**About this exercise:** Restate word for word all of the lines below, with each image left out.

**Provided material:**
---
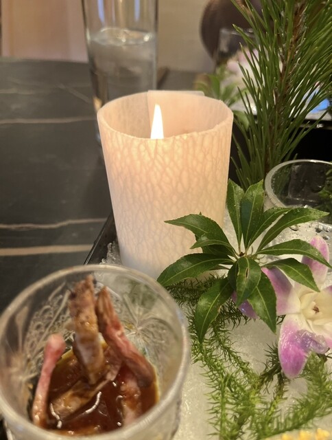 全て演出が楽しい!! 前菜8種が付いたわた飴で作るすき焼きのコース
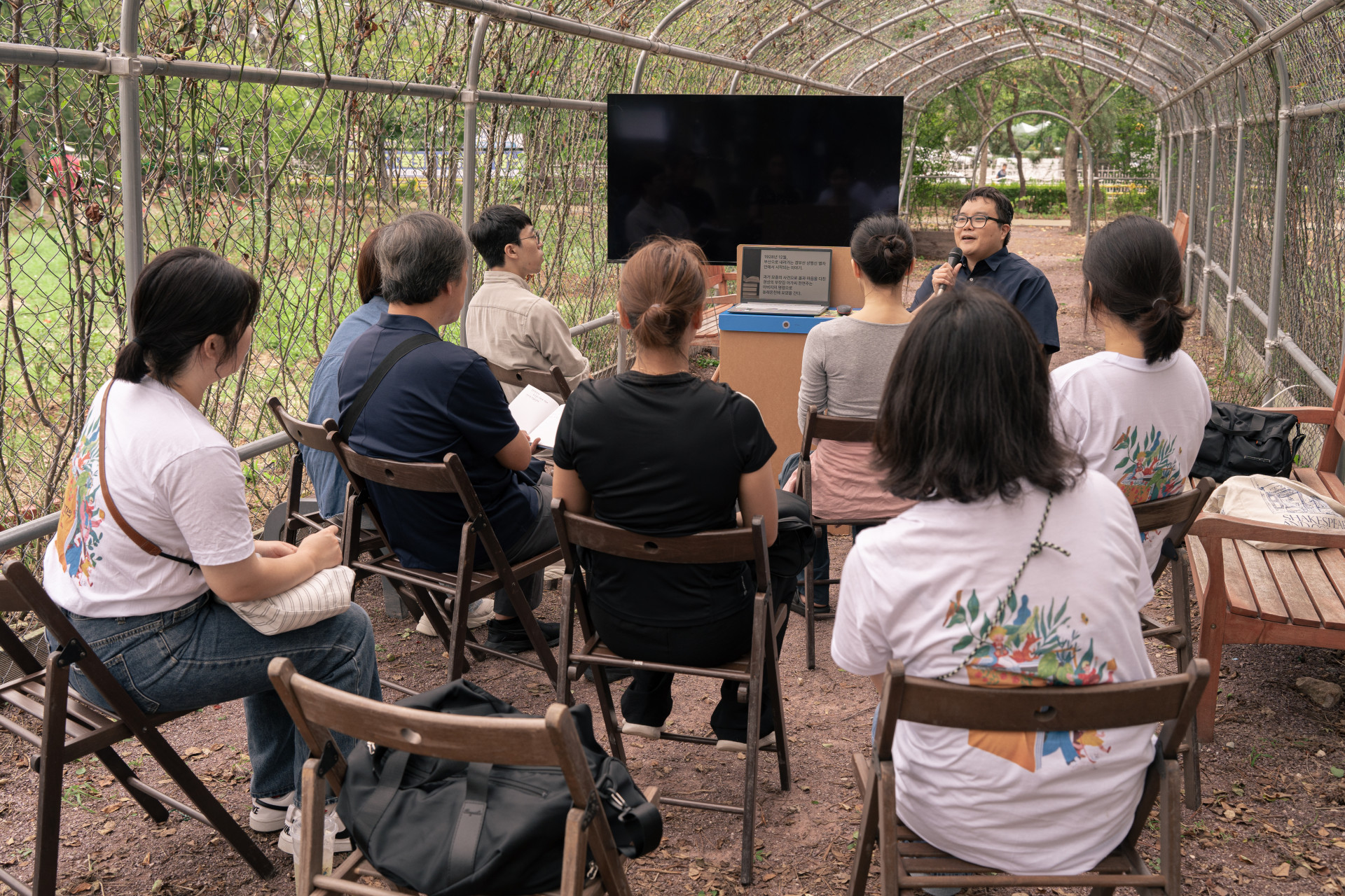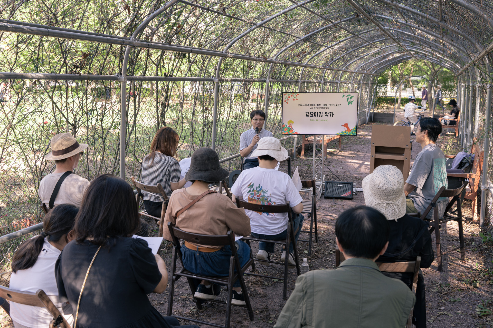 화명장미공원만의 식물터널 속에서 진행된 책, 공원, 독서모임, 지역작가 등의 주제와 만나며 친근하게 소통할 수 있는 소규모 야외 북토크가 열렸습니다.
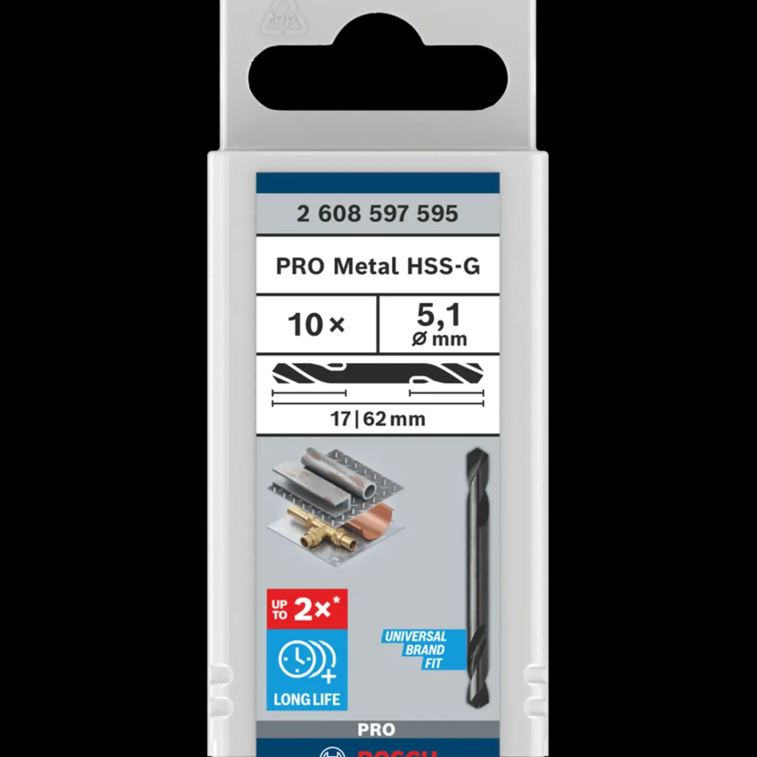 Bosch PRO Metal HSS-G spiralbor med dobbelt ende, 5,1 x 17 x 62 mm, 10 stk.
---
**Exercise answer:**
 全て演出が楽しい!! 前菜8種が付いたわた飴で作るすき焼きのコース
 화명장미공원만의 식물터널 속에서 진행된 책, 공원, 독서모임, 지역작가 등의 주제와 만나며 친근하게 소통할 수 있는 소규모 야외 북토크가 열렸습니다.
 Bosch PRO Metal HSS-G spiralbor med dobbelt ende, 5,1 x 17 x 62 mm, 10 stk.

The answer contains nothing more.